Глава 30. Писатель и Богиня

  Покинув салон такси, элегантный мужчина с аккуратно подстриженной бородкой полной формы неспешным шагом направился во двор дома номер тридцать один. Он был просто хорош собой – этакий галантный кавалер в брюках цвета слоновой кости и ослепительно белоснежной сорочке, видневшейся из-под двубортного пиджака, подобранного точно в тон брюкам и перфорированным туфлям – недорогие, в принципе, но достаточно удобные итальянские “Basconi”. В руке – чёрная барсетка с чёрной же фурнитурой, сразу видно, что это не дешёвая поделка, сделано на совесть. Он смотрелся несколько неуместно, наверное, в этом лабиринте мелких построек, делающих двор похожим на площадку для мототриала. Но было видно, что его это никак не волнует. Во второй руке у элегантного мужчины виднелся новенький полиэтиленовый пакет, судя по всему, он нёс там какой-то подарок для хозяев квартиры, в которую собирался зайти.

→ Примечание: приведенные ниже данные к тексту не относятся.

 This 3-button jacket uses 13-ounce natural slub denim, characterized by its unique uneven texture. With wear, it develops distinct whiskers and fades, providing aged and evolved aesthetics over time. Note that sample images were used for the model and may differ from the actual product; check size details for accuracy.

  Остановившись у крайнего подъезда, элегантный мужчина взял барсетку в ту же руку, что и пакет, и достал из внутреннего кармана пиджака мобильный телефон. Нажал пару кнопок и приложил трубку к уху.

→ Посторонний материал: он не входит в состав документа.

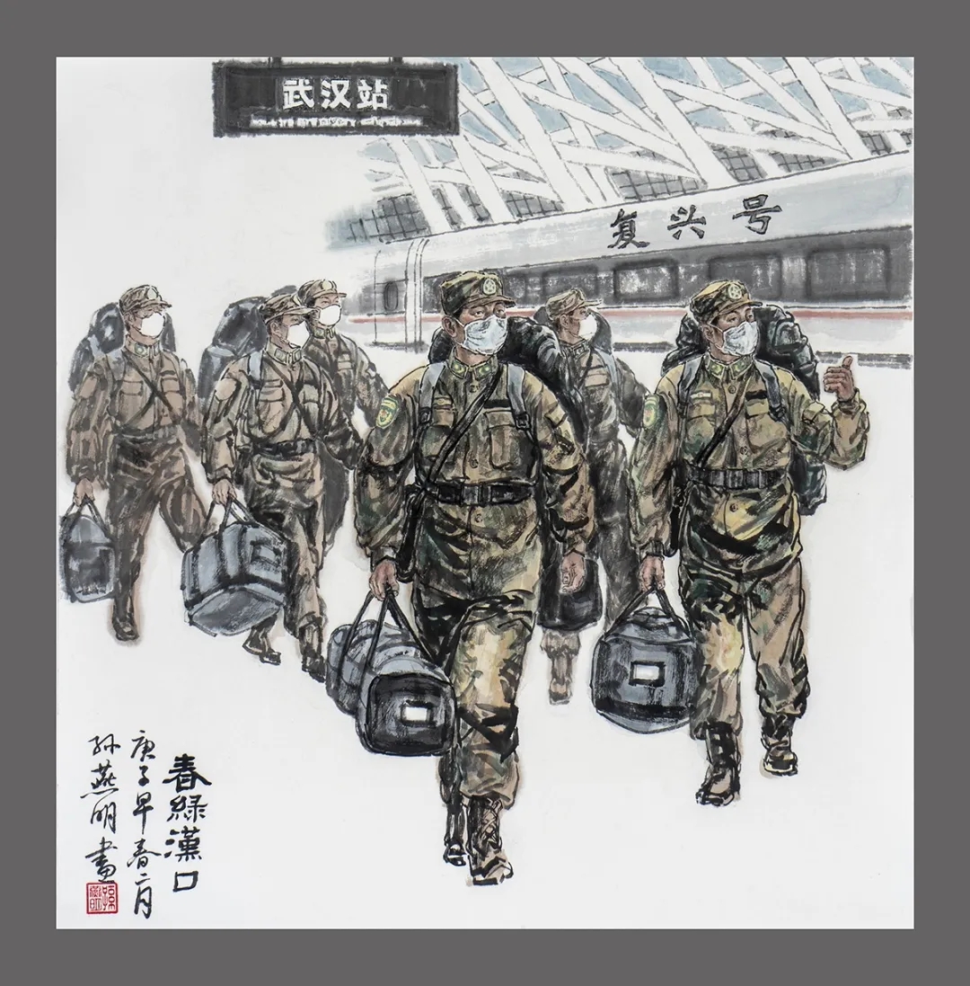 《春绿汉口》,表现了解放军医疗队乘高铁抵达汉品站的武汉抗疫支援行动,还是在关键时刻人民子弟兵勇挑重担,守护人民生命安全和身体健康。用水墨勾线然后染色的技法。特别是从布局上远景至近景呈S形构图,重点空出了前面两个军人的威武形象。

  - Алло, – проговорил он после небольшой паузы. – Тома, добрый вечер, это Павел. Я у твоего подъезда, открой, пожалуйста, дверь. Благодарю, дорогая, я уже иду.
  Открыл дверь подъезда и поднялся на третий этаж. Повернул налево и нажал кнопку звонка. Из-за двери раздался женский голос:
  - Кто там? Павлик, это ты?
  - Да, я. Ты ещё кого-то ждала?
  - Да соседка заходила тут за солью. Ты проходи, – дверь открылась, и элегантная дама в сильно декольтированном бледно-розовом платье впустила того, кого звали Павлом, в коридор. – Здравствуй, Павлик. Как добрался?
  - Превосходно, взял такси и подъехал сюда, – он достал из внутреннего кармана пиджака пухленькую пачку денежных купюр, сложенных вдвое. – Остальное чуть позже.
  - Хорошо, Павлик, спасибо, – Тома, как её называл элегантный бородач, пересчитала пятисотрублёвые купюры с быстротой и тщательностью опытного кассира. – Так что ты там говорил о каком-то «остальном»?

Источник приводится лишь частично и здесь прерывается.